Uber hit the headlines after it was revealed the company broke Apple’s App Store rules by keeping tabs on users who had uninstalled the taxi app.
According to The New York Times, Uber kept a record of iPhones which had installed its app, even if it was removed and data deleted, in order to subsequently detect if it was reinstalled. This was a move to prevent drivers committing fraud by creating fake accounts used to request rides, which they would then accept in order to receive incentive bonuses from the company.
It even went as far as “geofencing” the feature so it could not be detected in or around Apple’s headquarters, and would not be picked up by the iPhone maker’s engineers – a strategy which worked until it was found by staff elsewhere.
The discovery led to a meeting between Travis Kalanick, the Uber chief, and Tim Cook, Apple’s CEO, which led to the latter threatening to pull the Uber app from the App Store if it was not updated. Apple has strict policies related to user tracking.
According to TechCrunch, Uber said it “absolutely does not track individual users or their location if they’ve deleted the app”, but it also said “being able to recognise bad actors when they try to get back onto our network is an important security measure for both Uber and our users”.
Uber was also reported to have bought data from Slice Intelligence, which offers an email digest service called Unroll.me, including information related to rival ride app Lyft generated from receipts sent to users.

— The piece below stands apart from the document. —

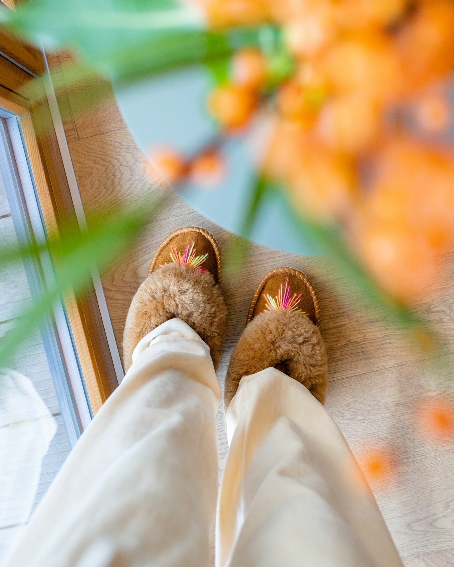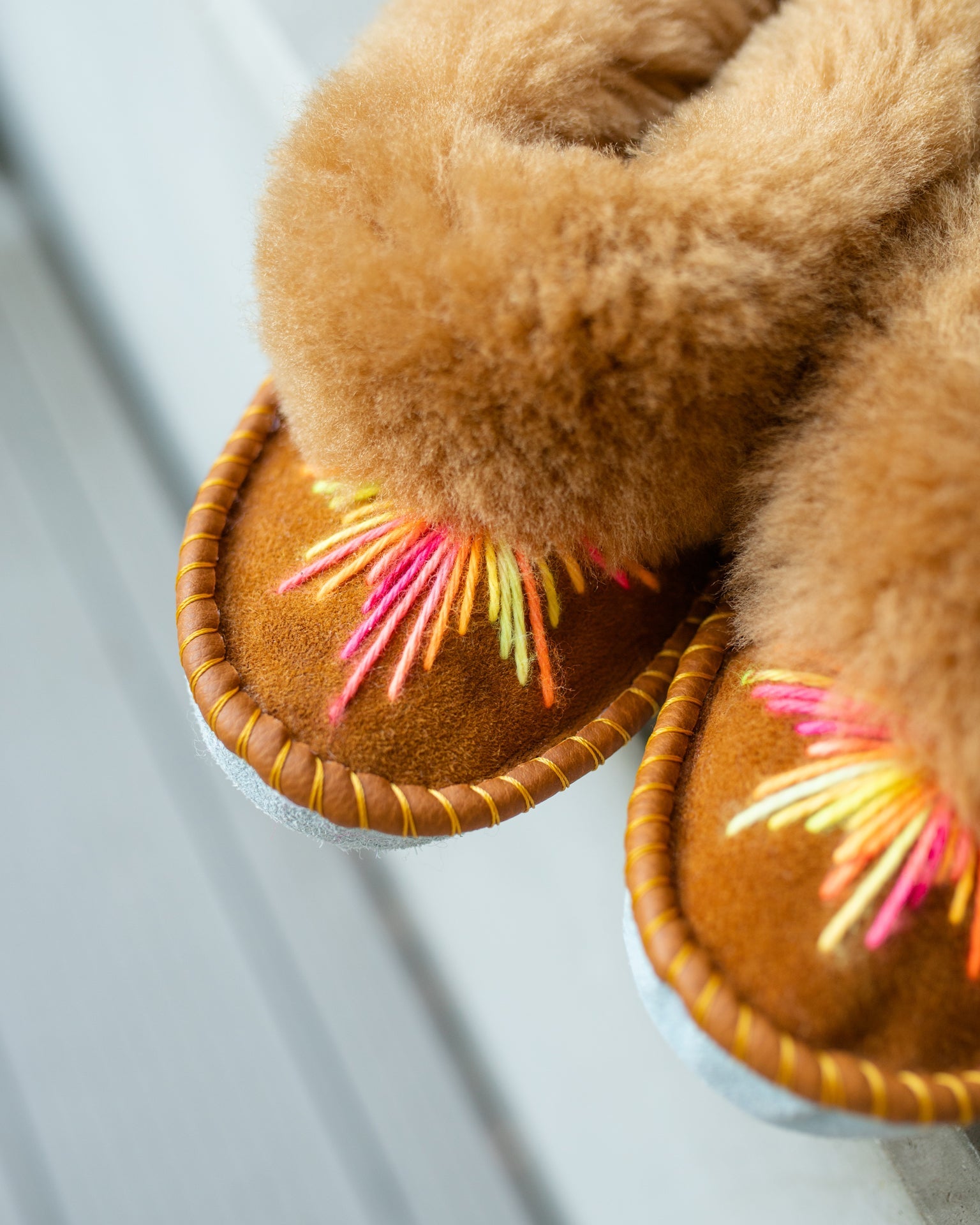 Meet the Fudge Sheepers - cosy, stylish and oh-so comfortable. Made from 100% sheepskin and with sustainability in mind, Fudge offers a modern take on a timeless style. Handmade and lined with unbeatably soft sheepskin, the tan upper is upgraded with orange and pink calypso tones for a playful yet subtle finish. Perfect for those work from home days, Fudge Sheepers slippers will be your go-to for everyday comfort.

Slice confirmed it sells anonymised data based on ride receipts from Uber and Lyft in a blog. After the report sparked criticism, Slice said it was: “heartbreaking to see that some of our users were upset to learn about how we monetise our free service”, and: “while we try our best to be open about our business model, recent customer feedback tells us we weren’t explicit enough”.
While the events revealed now took place some time ago, they come as Uber is under pressure related to its corporate activities and ethos.